# Help Identifying Antique Pullman Train Brass Luggage Rack



## weppler1978 (Jun 13, 2013)

Hi

Can anyone take a look at this item I put a bid on, its a brass pullman train luggage rack. Can anyone date this piece, I tend to prefer early stuff they have listed as 20's but I'm thinking earlier?

http://cgi.ebay.com/ws/eBayISAPI.dll?ViewItem&item=130923445302

Thanks

Bill


----------



## Just-Thinking-51 (Jun 13, 2013)

Strange how the bars are not solid.

Sorry before my parents time.

There is a lot of photos of old Pullman equipment. Factory fresh. You need to spend sometime check them. Not sure of a on-line source, sorry.


----------



## rusty spike (Jun 14, 2013)

You might contact the reference library at one of the larger railroad museums such as the California State RR Museum in Sacramento. I'm not sure they can help you.
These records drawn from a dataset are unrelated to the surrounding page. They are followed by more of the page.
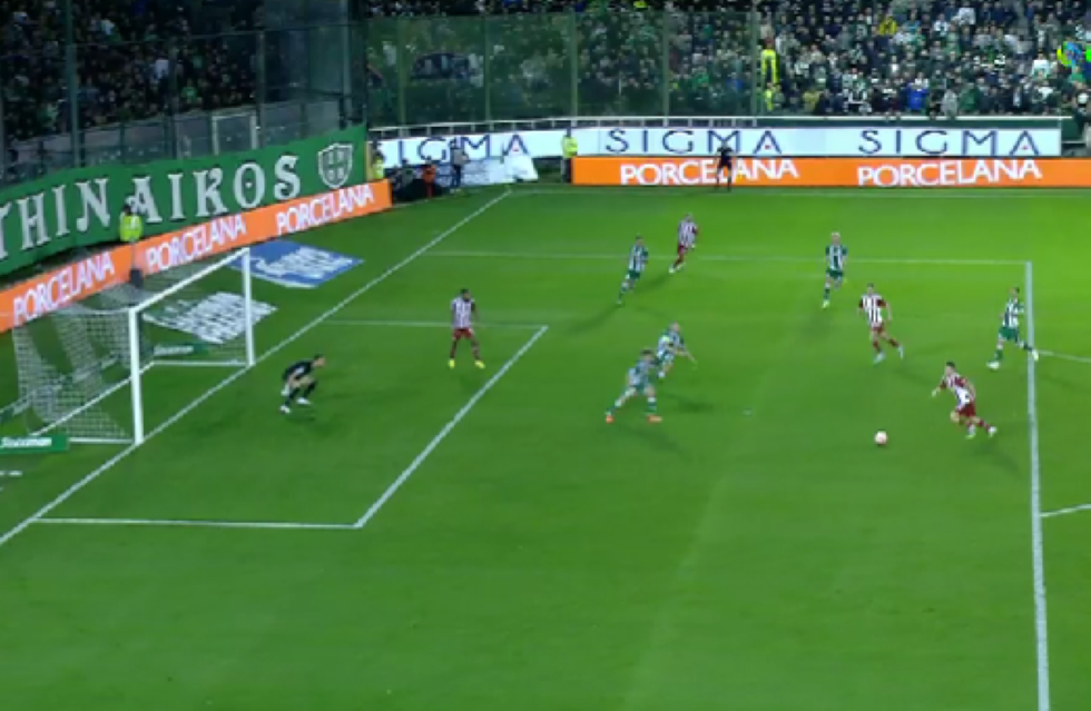 Στη συνέχεια, ο ακραίος αμυντικός των Ερυθρόλευκων επιχείρησε το γύρισμα προς την περιοχή, όπου εκεί περίμενε ο Πεπ Μπιέλ, με τον Ισπανό να πιάνει το σουτ, όμως η μπάλα βρήκε πάνω στον Φακούντο Σάντσες που πρόλαβε να βάλει την προβολή.
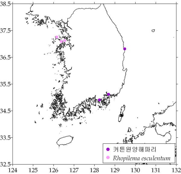 ○ 커튼원양해파리(강독성) - 경남 연근해 등 3곳에서 출현 ‧ 경남 고성/행암만 연안 소량출현 ‧ 경북 울진 연안 소량출현 - 수온: 평균 22.83℃(범위: 21.91 ~ 23.97℃) - 출현률: 8/21(3.0%) → 8/28(1.4%) → 9/4(1.8%)
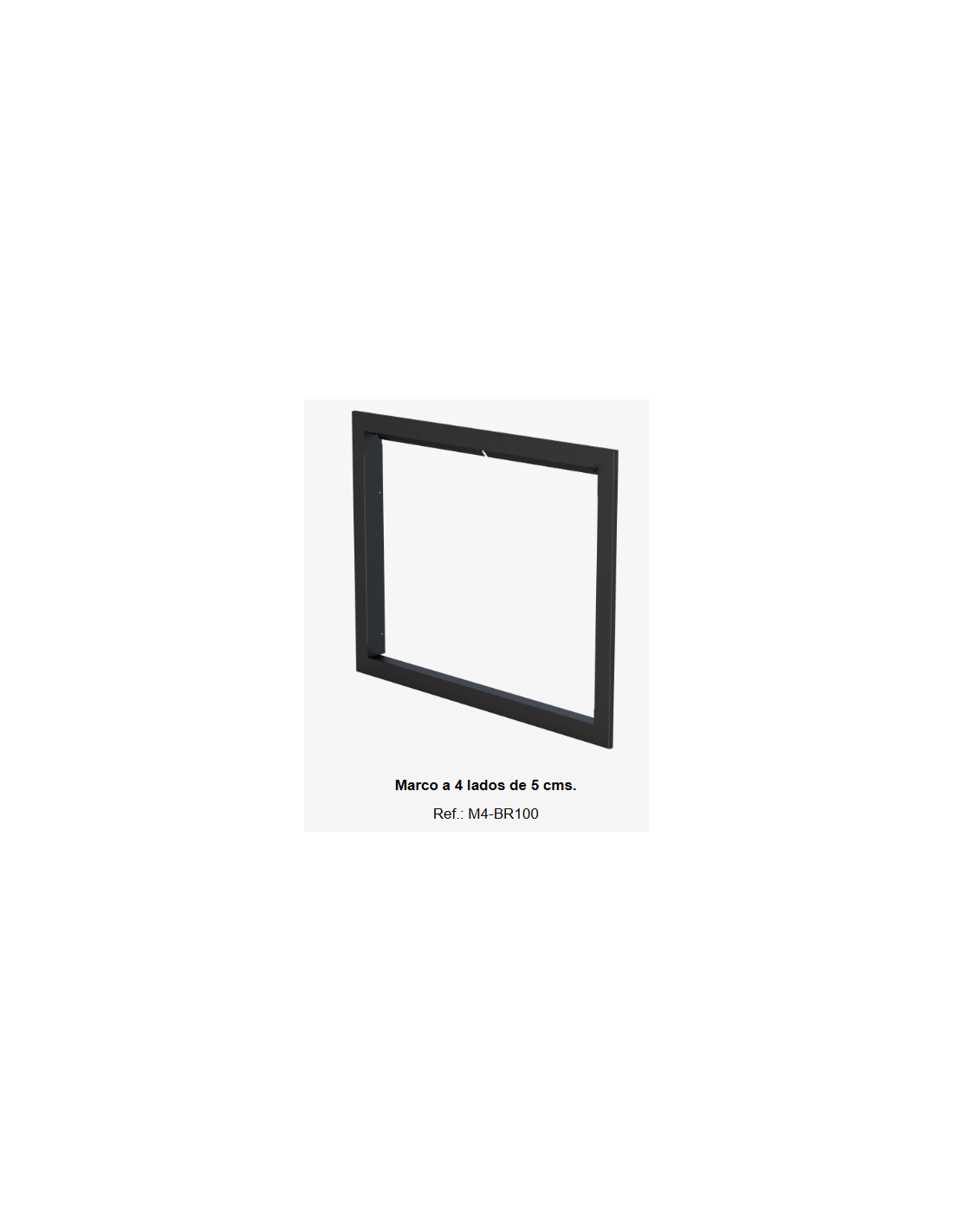 Recomendamos el Marco a 4 lados específicamente para aquellos clientes que proyectan una chimenea en una pared lisa o tabique de pladur donde el equipo queda elevado respecto al suelo. Este formato "ventana" es la tendencia actual en diseño de interiores, ya que ofrece un acabado sofisticado y equilibrado. Es el accesorio ideal para situaciones donde no se dispone de una bancada inferior, ya que el marco remata la parte baja del aparato con la misma precisión que los laterales. Si busca que su BR100-S luzca con un acabado de máxima categoría, este marco es la inversión necesaria para transformar una simple instalación en una pieza central de diseño arquitectónico, garantizando que cada detalle de su hogar respire calidad y profesionalidad.

Just a thought.


----------



## Bill Haithcoat (Jun 14, 2013)

In my old timer thought I believe it is at least as old as the mid20s I have ridden many cars built in the 30s and it is older than them.


----------



## railiner (Jun 17, 2013)

I agree...by the '30's, designs were leaning more towards 'art deco'.....that one looks more 'victorian'......


----------